What links these stories is not only the tragedy of suicide but also the silence that surrounds it. Silence in families. Silence in communities. Silence in institutions.
Beccah says she has never truly sat down with her mother or her other sister to talk about what happened.
“Maybe we’re all scared to open that door,” she says. “Because, what if it’s too much to handle?”
She wishes someone had asked her, as a child, if she was okay. She wishes her sister had been allowed to help that day. She wishes people had known what to do.
That’s why she believes suicide prevention must go beyond social media campaigns and hotline posters.
It must live in schools, in homes, in churches and police stations. It must include community education, not just crisis intervention.
“We need to teach communities how to react in emergencies,” she says. “We need to explain to children what suicide is. We need to give parents tools, not just tell them to be strong and pray.”
HEALING PROCESS
Mercy Mwende, chief operating officer at Thalia Psychotherapy (Mindful Kenya), works closely with families affected by suicide. She says the grief that follows is unlike any other.
“Families often experience shock, guilt, anger, sadness and even shame,” she says.
“They feel alone. They keep asking, ‘Could I have done more?’ Even when there were no signs.”
Healing, she says, starts with openness. Talking about the loss, writing letters to the loved one, joining a support group — these steps matter.
“We encourage families to reach out early,” she says. “At Mindful Kenya, people can nominate loved ones anonymously for support. We believe in prevention through connection.”
Mwende explains that counselling, especially from professionals trained in grief and trauma, can help people process their emotions and avoid dangerous spirals of guilt or self-blame.
Peer support groups, spiritual leaders and community elders can also offer solace. The key is not to isolate.
“Stigma is one of the biggest barriers,” she says.
“It isolates people. They feel judged, even blamed. That’s why we need more conversations like this. Mental health is not a moral failure.”
Mwende warns that people bereaved by suicide are also at higher risk of developing mental health issues themselves.
Signs such as intense hopelessness, withdrawal or expressions of wanting to “join” the deceased should be taken seriously and addressed immediately.
“Don’t wait. Connect them to a counsellor or trusted professional right away,” she urges.
Meanwhile, a major shift is taking place in the legal landscape.
On January 9, the High Court of Kenya declared Section 226 of the Penal Code criminalising attempted suicide unconstitutional.
Judge Lawrence Mugambi ruled that punishing people for attempting to end their lives violated the Constitution’s guarantees of dignity, equality and the right to health.
Esther Gitahi, an advocate of the High Court, calls the ruling both long overdue and transformative.
“Criminalising suicide was a colonial law, outdated and harmful,” she says.
“This ruling acknowledges that suicide is a public health issue, not a criminal one.”

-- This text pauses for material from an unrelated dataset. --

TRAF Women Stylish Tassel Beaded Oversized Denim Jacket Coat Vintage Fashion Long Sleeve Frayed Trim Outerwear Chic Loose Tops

Until the ruling, people who attempted suicide could face up to two years in prison.
Instead of care, they received punishment. The fear of arrest drove many to suffer in silence, and families were afraid to seek help.
“With this ruling, individuals can now seek mental health support without fear of legal consequences,” Gitahi says.

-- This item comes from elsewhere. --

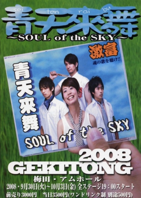 - その第一弾は2001年、初期の「激富」の拠点の劇場だった扇町ミュージアムスクエアで、有機農業と近代農業の戦いを描く『SOUL OF WILDTHINGS 俺の米』。農協の大ちゃんを演じたはだをいじめるフランキーのシーンでは上演中にお年寄りからの非難の声があがる程のリアリティ。続けて翌年には日本の若い株式投資家達の戦いを描く『SOUBA〜SPIRITS OF JAPANESE〜』を製作。刀を台詞に変えた立ち回りが観客を魅了。その老若男女を問わない作風が話題を呼び幅広い世代から支持を得ます。現在の主力メンバーとなる内村哲哉や小野木秀樹がここで加わります。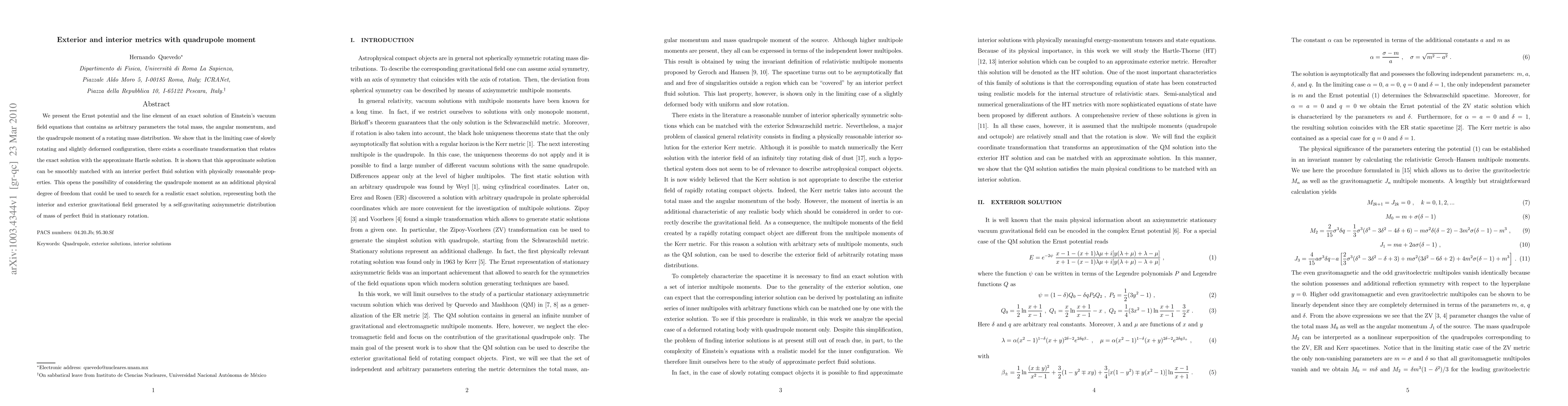 We present the Ernst potential and the line element of an exact solution of Einstein's vacuum field equations that contains as arbitrary parameters the total mass, the angular momentum, and the quadrupole moment of a rotating mass distribution. We show that in the limiting case of slowly rotating and slightly deformed configuration, there exists a coordinate transformation that relates the exact solution with the approximate Hartle solution. It is shown that this approximate solution can be smoothly matched with an interior perfect fluid solution with physically reasonable properties. This opens the possibility of considering the quadrupole moment as an additional physical degree of freedom that could be used to search for a realistic exact solution, representing both the interior and exterior gravitational field generated by a self-gravitating axisymmetric distribution of mass of perfect fluid in stationary rotation.

“It also aligns Kenya with international human rights standards.”
Mental health advocates hope the ruling will lead to better investment in suicide prevention, including education, early intervention and accessible counselling services across the country.
For people who have lost their loved ones through suicide, the ruling is a small but vital step.
It doesn’t erase the past, but it offers a measure of justice. A shift in how the country views suffering not as something to punish but something to understand.